= Adolf Endler =

Adolf Endler (10 September 1930 - 2 August 2009) was a German writer. Endler challenged the socialist realist art movement of the German Democratic Republic and was active in the literary scene of Prenzlauer Berg, in East Berlin. In 2005, he became a member of the Deutsche Akademie für Sprache und Dichtung (German Academy for Language and Literature).

==Early life==
Endler was born in Düsseldorf in 1930.

He moved to East Germany in 1955 and studied at the Johannes R. Becher-Institut für Literatur in Leipzig from 1955 to 1957.

== Career ==
He was an acclaimed poet popular in both the East and the West. At the same time, he was shunned by party functionaries because of his opposition to socialist realism. He defied the cultural directives of the state and communicated secretly with his peers.

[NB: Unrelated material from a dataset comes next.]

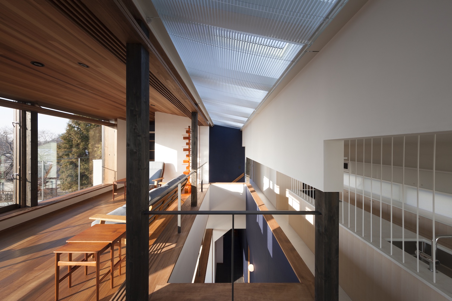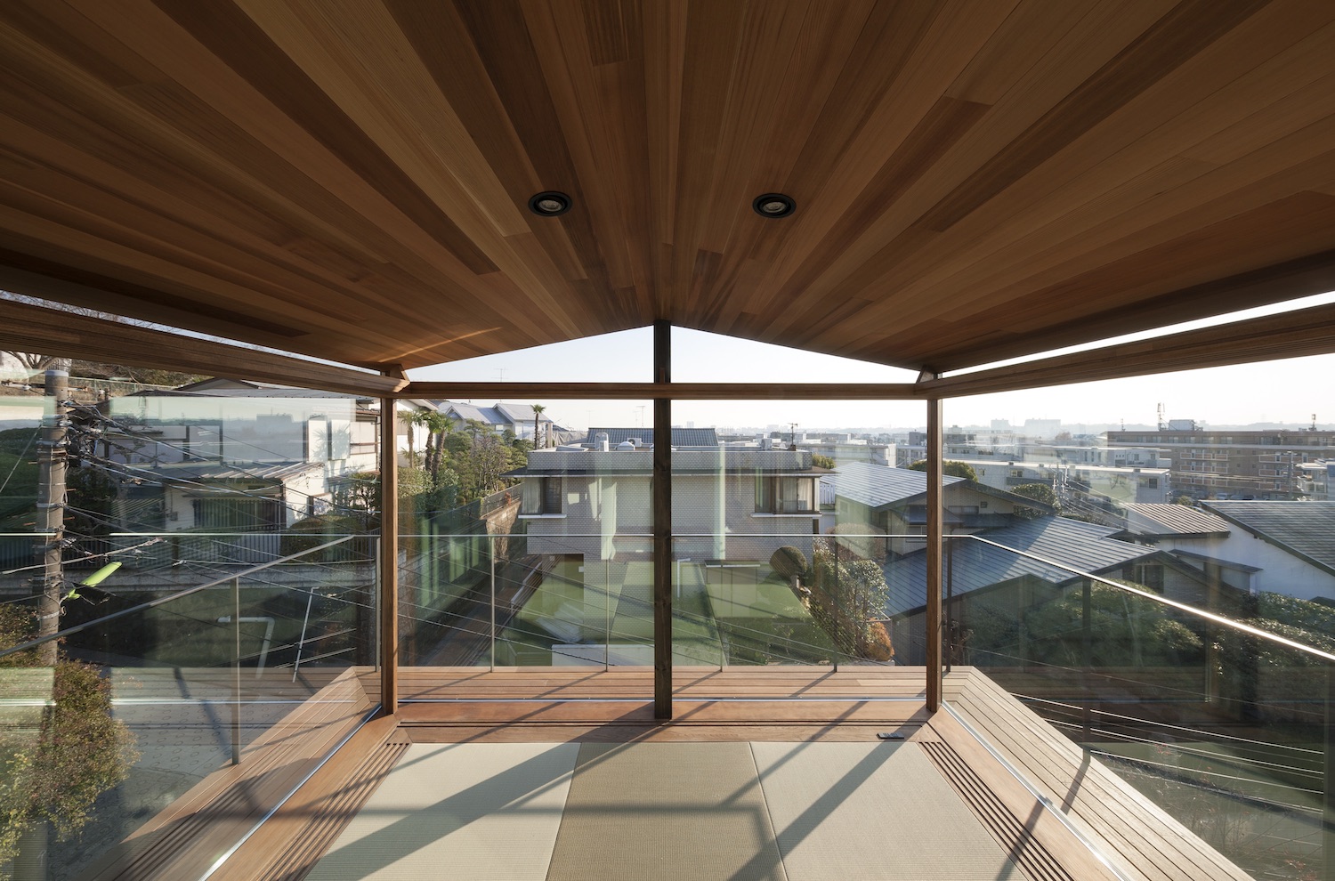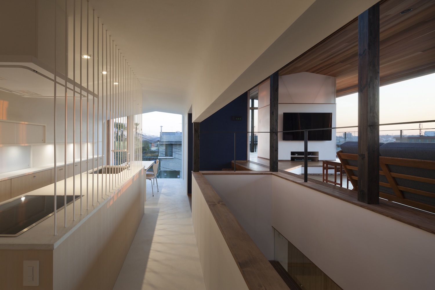 외부는 3개의 블록들로 구성되어 있다. 단일 층의 차고는 경사를 파고 들어가며, 거실은 공중에 떠있는 것처럼 보이고, 다이닝룸은 벽으로 둘러싸여 있다. 지하 차고는 철근 콘크리트로 건설되었다. 1층은 철재 프레임이 있는 유리 벽이 둘러싸고 있으며, 2층은 목재로 만들어졌고, 기둥, 빔, 그리고 벽으로 구성되어 있다. 이는 지진 및 바람에 대한 저항을 고려한 결과이며, 주변 환경에 적합한 구조적 형식을 포함하고 있다. 내부는 블록들 사이에서 변화하고 계단과 천창에 의해 분할된다. 공간은 안에 있는 사람이 움직일 때마다 급격하게 변화한다.

Endler coined the term Sächsische Dichterschule (Saxon School of Poetry) to describe German writers born in the 1930s who were influential in poetry, such as Karl Mickel, Heinz Czechowski, Sarah Kirsch, and Volker Braun. British poet Michael Hamburger commended the group for their creativity in the hostile environment of East Germany at the time. Hamburger secretly recorded the correspondence between individual poets. Some of the correspondence was also documented by Erich Fried, a colleague of Endler's, in his review of "In diesem besseren Land" (In this better land).

Endler continued to be a controversial figure in East Germany into the 1970s. He was expelled from the Authors’ Association of the GDR in 1979, after declaring his solidarity with his previously reprimanded colleague Stefan Heym. Throughout the 1980s, he contributed to various Berlin and Leipzig underground magazines.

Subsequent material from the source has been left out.